His reputation as a grim, stoic, and unflinchingly realistic philosopher has endured nearly two centuries. But before Wolfgang Schirmacher assembled this anthology--modifiying and arranging previous translations by E.F.J. Payne (1958 and 1974), Konstantin Kolenda (1960), and Arthur Brodrick Bullock (1903)--his massive life's work The World as Will and Representation (1819, with a second edition in 1844 and a third in 1859, the texts of "The Buddha of Frankfurt" had not been published in a one-volume English-language reader that draws from his major work as well as his shorter, if equally formidable, essays. What remains understated is how much Schirmacher contributed to a fresh version of these standard translations. The press release credits him as a translator, while the book credits him as editor. He acknowledges moving footnotes into the main texts and brackets are scattered throughout, but the lack of help for a reader facing this philosopher for the first time does disappoint.

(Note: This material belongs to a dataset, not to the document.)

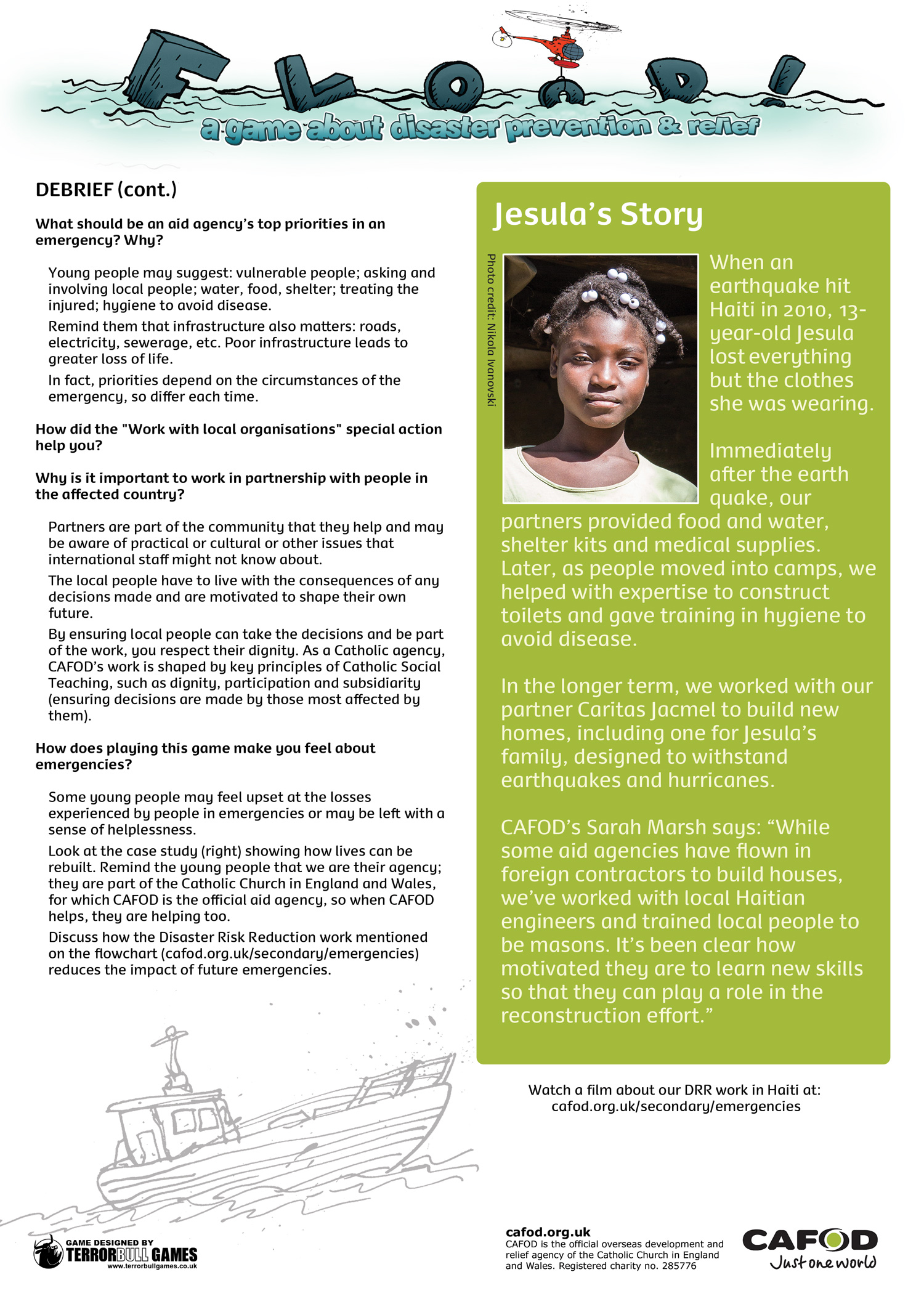 - "A game for CAFOD about disaster preparation and relief"

This collection in the Harper Perennial Modern Thought series has a few suggested sources for further reading, and an index, but it does not mediate between the reader and the text. Schirmacher, after a brisk introduction linking Schopenhauer to The Simpsons, George Carlin, Albert Camus, and The Catcher in the Rye, leaves the reader to tackle his subject with no editorial summations, endnotes, nor explanations.

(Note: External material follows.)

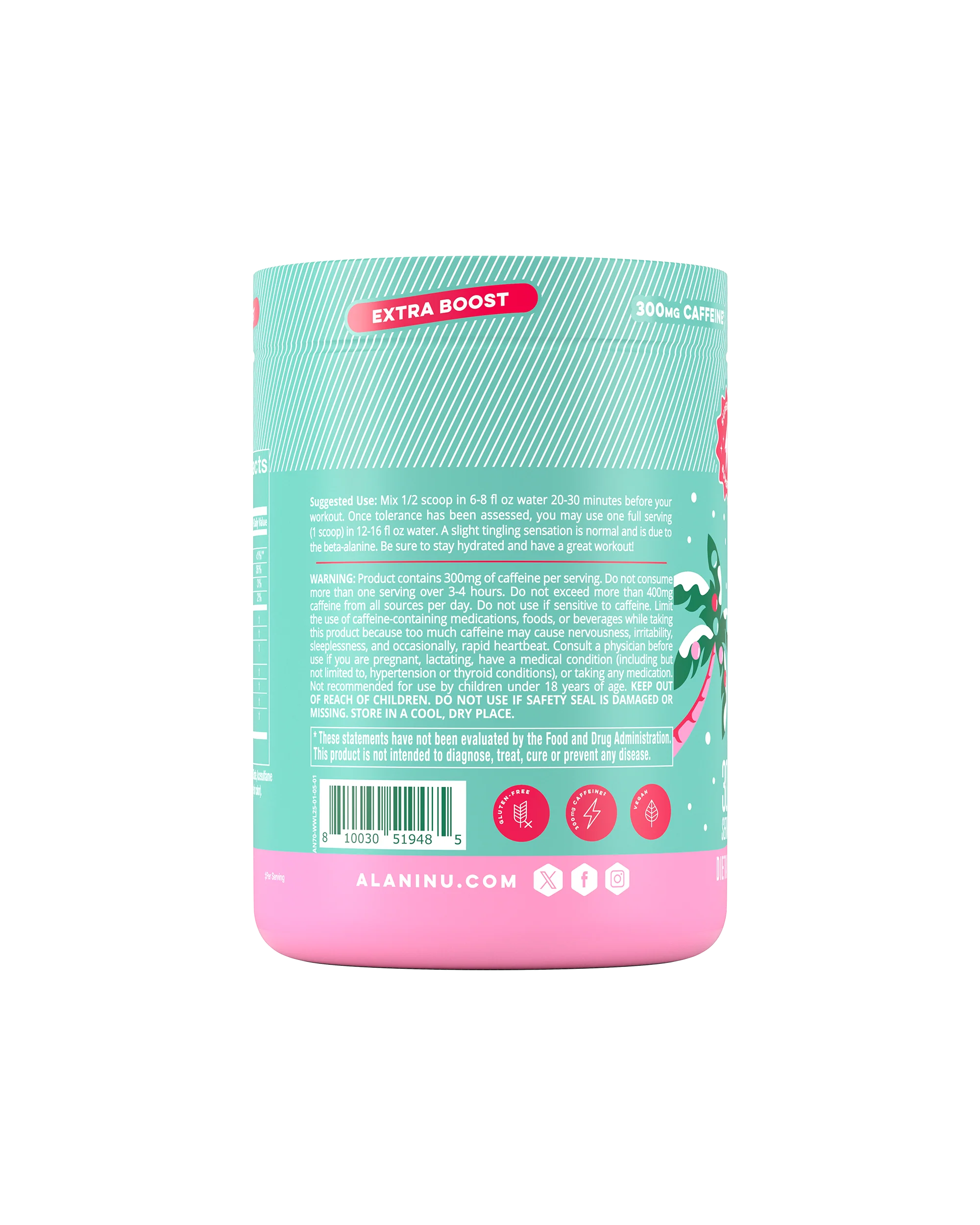 | Ingredients: Natural Flavors, Sucralose, Silica, Calcium Silicate, Acesulfame Potassium, Fruit and Vegetable Juice (for color), Beta-Carotene (for color). CONTAINS: 300mg of caffeine per serving. Not recommended for children, People Sensitive to Caffeine, Pregnant Women Who are Nursing. Daily caffeine consumption should be limited to approximately 400mg per day from all sources.* * These statements have not been evaluated by the Food and Drug Administration. This product is not intended to diagnose, treat, cure or prevent any disease. | ||

The results, living up to the daunting legacy Schopenhauer leaves for us one-hundred-and-fifty years after his death, certainly prove bracing. Twenty topically arranged excerpts make the reader confront Schopenhauer. He begins by emphasizing the driving force that moves all: the "will-in-itself." This natural power carries all along with it, unthinkingly. This inner nature manifests itself through external phenomena. Ideas nestle within the will; forms reveal themselves as representation. But they lack consistent, eternal truth: they no more endure than the shapes discerned in clouds or on a frosty windowpane.
He sums up his metaphysical outlook: "the world as will is the first world (ordine prior), and the world as representation, the second (ordine posterior). The former is the world of craving and therefore of pain and a thousand different woes. The latter, however, in itself is essentially painless; moreover, it contains a spectacle worth seeing, altogether significant, and at least entertaining." This inspires Schopenhauer's examination of aesthetics.
In our world, we distinguish the world as will in subjects and in objects as representation. This sounds simple. What complicates this dichotomy unfolds in Schopenhauer's determination to examine how knowledge, aesthetics, beauty, art, education, the sublime, women, suicide, ethics, eternal and temporal justice, compassion, mysticism and asceticism, and ultimately death and rebirth all align with his construction. These chapters comprise the bulk of this anthology.
His dislike for most opera and most of Dante, his rationalization for the dissimulations women practice, his examples from gladiators, the American prairie, Australian aborigines, and weeping by mourners extend his thoughts into many surprising directions. His worldview takes in all he can imagine. For example, he reconfigures as male an object of art in terms of the subject the artist perceives as female, within which the artist brings forth by its conception the artistic impulse to create and bring forth. Once he searches for the will-in-itself as the wellspring for all nature, he never stops finding it.